One of the most important pieces of legislation designed to protect consumers from the rising tide of fraud – strong customer authentication (SCA) under the second Payments Services Directive (PSD2) – has hit hurdles. SCA was a crucial element of the regulation due to be enforced in September. However, the European regulators have bowed to pressure from the financial services sector to grant extensions, with more and more companies opting out and claiming they are not ready.
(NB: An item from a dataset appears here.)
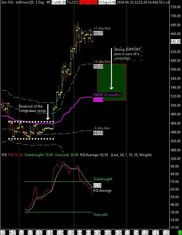 I believe that bitcoins will remain within these extremes of the price channel between 530 and 630 dollars with the nearest resistance located at about 610 dollars. The oscillator volumes is still negative and could become positive with a strong break of $ 630.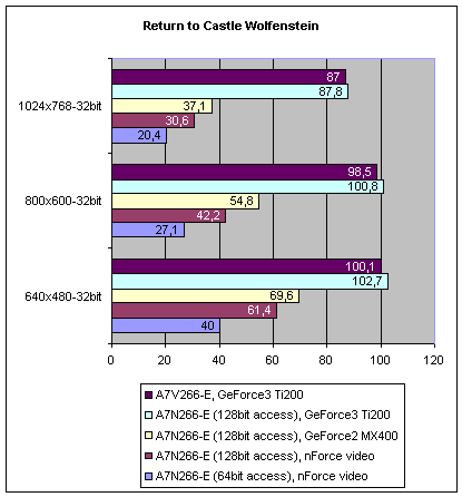 При установке отдельной производительной видеокарты на базе GeForce3 Ti200, nForce показал зубы: A7N266-E во всех разрешения обошла недавнего лидера A7V266-E! Преимущество составило около 3%, что хоть и немного, но все равно заставляет аплодировать Nvidia за создание столь производительного чипсета.

Considering a staggering record 323,660 cases of fraud were reported in 2018, with fraud losses on UK-issued cards increasing 19% to £671.4 million, consumers are critically in need of SCA to combat this rise and see their transactions safeguarded. Applied to all transactions conducted in the European Economic Area, SCA was designed to make online payments more secure, and will mean consumers must approve online payments over £28 through a double layer of authorisation. Two of the following three methods of authentication must be provided: something they know (a password) something they have, (receiving a code), or something they are, (biometrics).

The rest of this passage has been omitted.